How to complete this task:
Skip the pictures, please, and write out exactly the lines from the opening of the data through the line containing "Укладіть порівняльну таблицю".

[Stored records]
━━━━━━━━━━━━━━━━
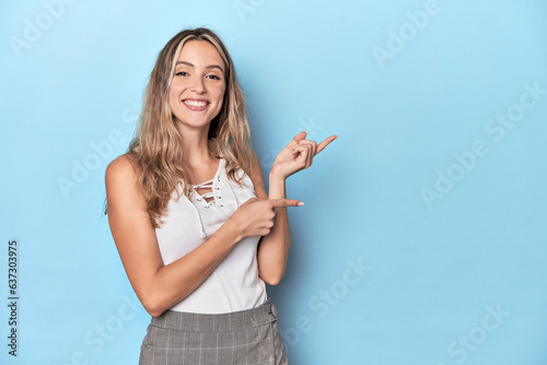 Blonde young caucasian woman in blue studio excited pointing with forefingers away.
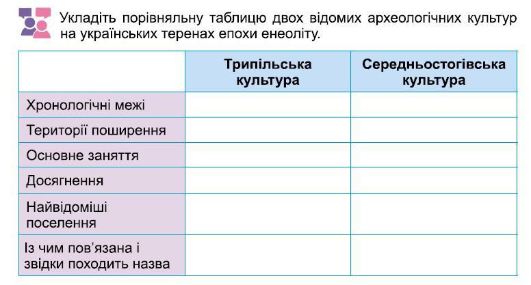 Укладіть порівняльну таблицю двох відомих археологічних культур
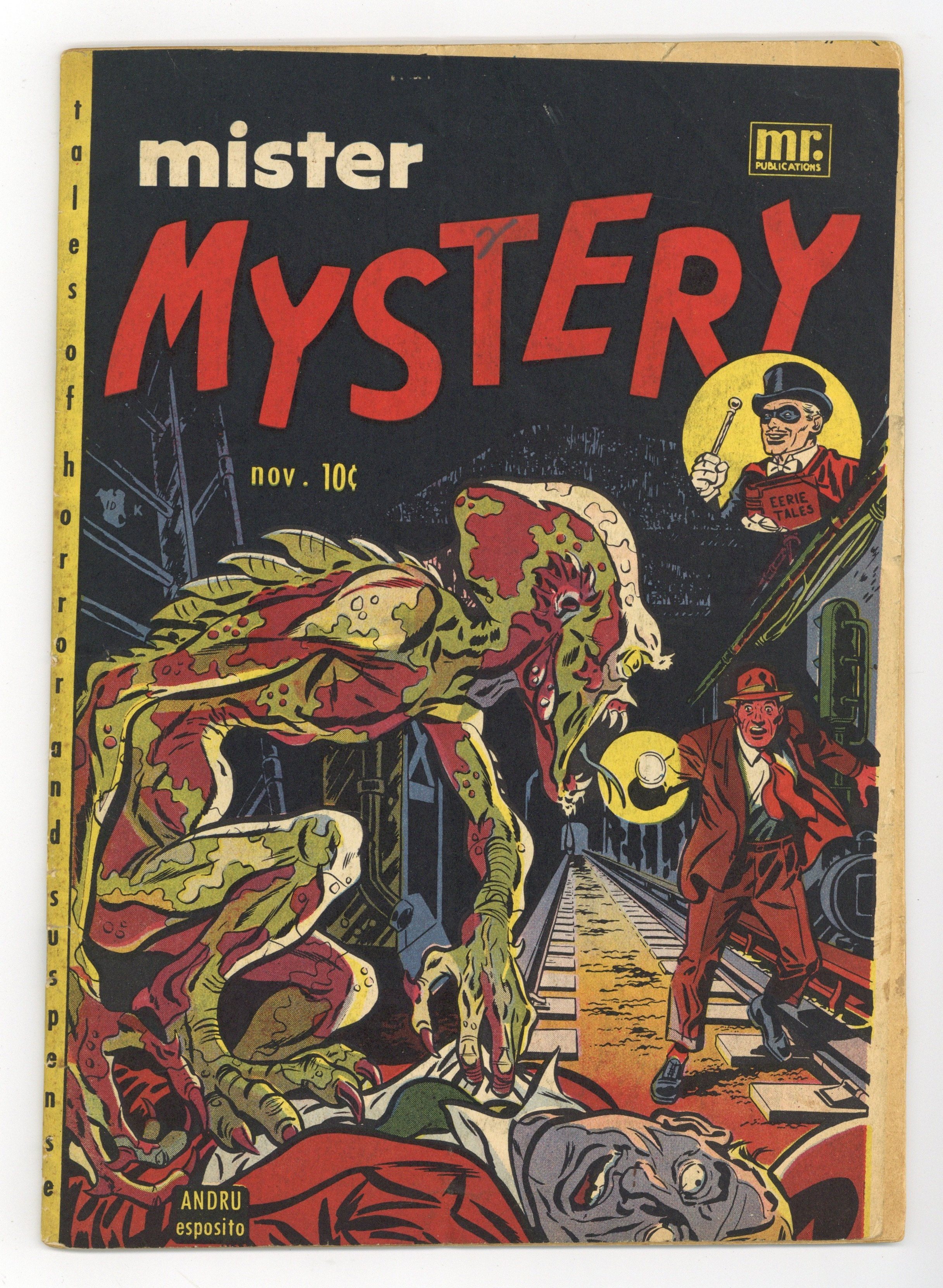 Pre-code horror. Cover pencils by Ross Andru, inks by Mike Esposito. The Subway Terror, art by Mike Esposito [as Mickey Demeo]; Patrolman Dave Whitley is transferred to "Department G", a secret police squad fighting a race of hideous and man-eating underground monsters terrorizing the subway. Imagination, art by Jack Abel; The boy Melvin seems to have an imaginary friend. Spectre of the Séance, art by Moe Marcus; A fake "Swami" rips off old ladies at séances. Ghosts...What About Them? text article. The Envelope, art by Charles Stern; A traveler gets into trouble presenting an envelope with a piece of paper; No one knows the meaning of the words written there, but they infuriate any reader. The Coffin, art by Tony Mortellaro. 36 pgs. $0.10. Cover price $0.10.
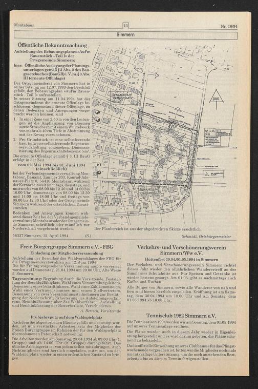 Bedenken und Anregungen können während dieser Zeit bei der Verbandsgemeindeverwaltung Montabaur oder der Ortsgemeinde Simmern schriftlich oder mündlich zur Niederschrift vorgebracht werden.
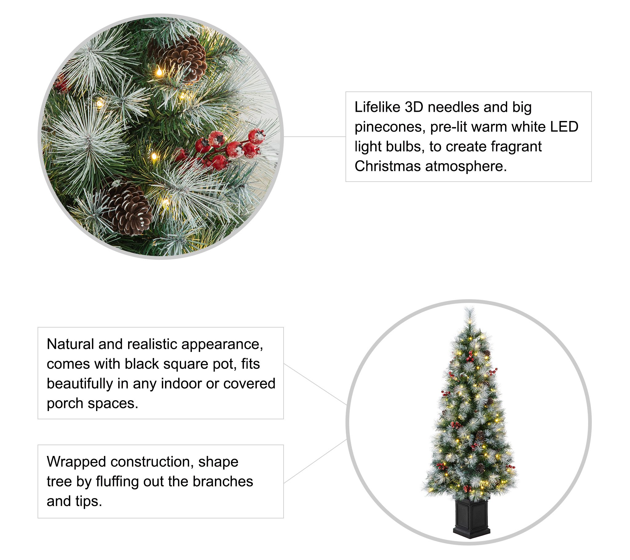 • Lifelike 3D needles and poinsettias
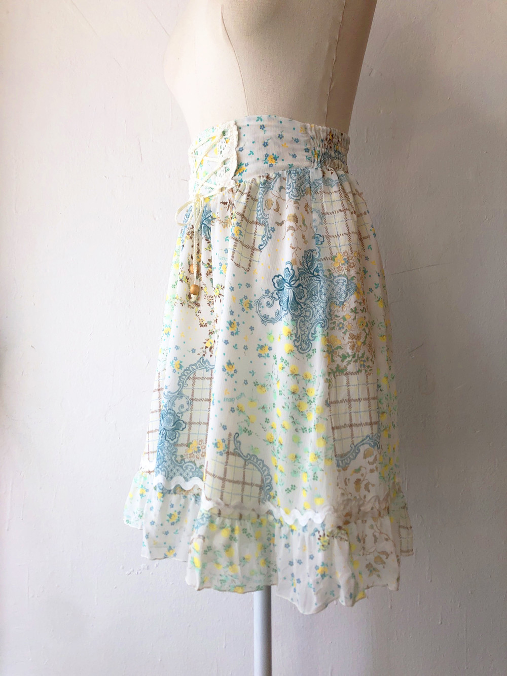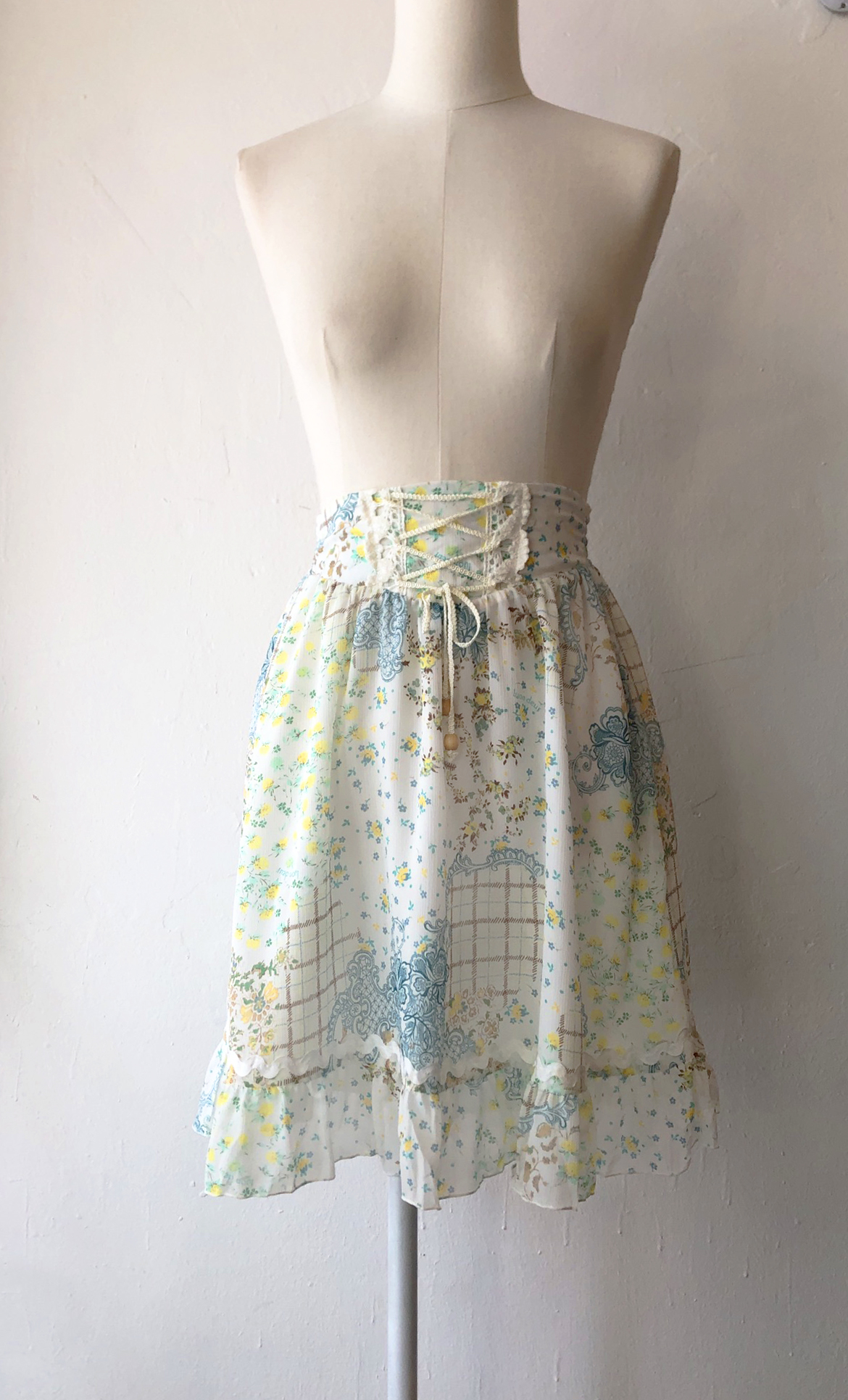 LYON beautiful print lace up chiffon skirt
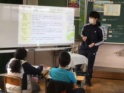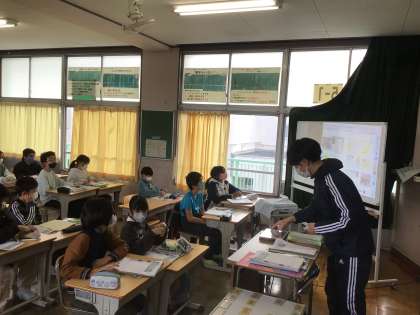 5年社会では、公害について学習をしていました。先生の説明に対してよく反応をしていたのがとても印象的です。
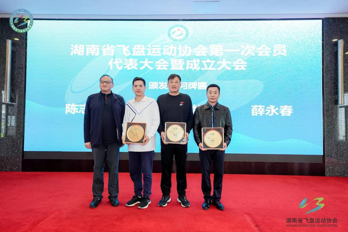 湖南省体育局二级巡视员、省体育总会专职副主席兼秘书长王晃先生为省飞盘运动协会第一届委员会副主席程震、万成林、姜景平、谢一鸣、蒋伟颁发牌匾
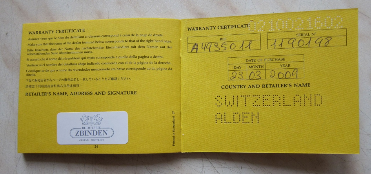 Часы были приобретены в 2009 году в Швейцарии (заказывал друзьям, которые туда ездили). Полная комплектация (подробные фото ниже в теме). Покупались в специализированном магазине.
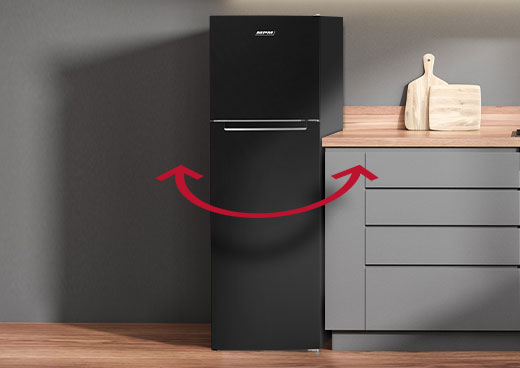➡️Dzięki tej opcji możesz zdecydować, z której strony lodówki drzwi będą się otwierać i dopasować je do układu kuchni lub własnej wygody.
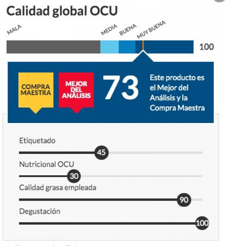 Asimismo, ha logrado una buena valoración en el análisis del tipo de grasa, ya que el producto está elaborado con mantequilla y nata. Sin embargo, se ha quedado un poco flojo en el etiquetado y la calidad nutricional.
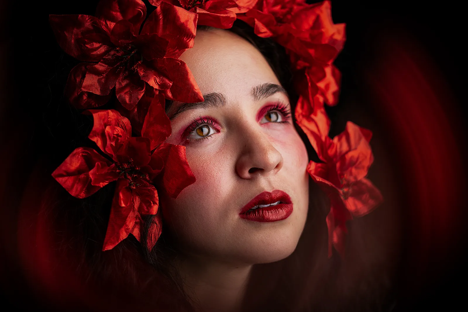 Creative portrait of a student focusing on color theory and the response that red specifically inspires in viewers.
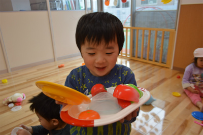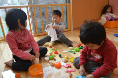 午後はお部屋でおままごとや洗濯バサミを使った遊びをしました(*^_^*)
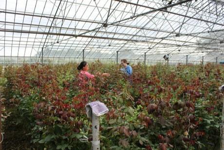 Sussex Roses grows different flower crops in a one acre-sized greenhouse and on one acre of open land. "In the greenhouse, we grow over 10,000 rose bushes, rows of cordon sweet peas, hybrid delphiniums, dahlias including Karma varieties, antirrhinums, sunflowers, chrysanthemums and a varied selection of seasonal bedding plants. Outside, we grow viburum opulus (guelder rose), astilbe and griselinia. This latter variety will be maturing in the coming years.
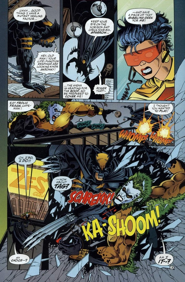 While Robin takes some time to learn about Jubilee’s fetishes, I can’t stress enough just how insane this crossover event becomes. It’s great. Situations that have never occurred in comics and never will again pop up on every other page. Want to see Peter Parker flirt with Lois Lane? I’m about to show you. How about Dark Claw (Batman merged with Wolverine) fighting Hyena (Joker merged with Sabretooth)? Yes, it’s amazing.
━━━━━━━━━━━━━━━━
Solved problem:
 Blonde young caucasian woman in blue studio excited pointing with forefingers away.
 Укладіть порівняльну таблицю двох відомих археологічних культур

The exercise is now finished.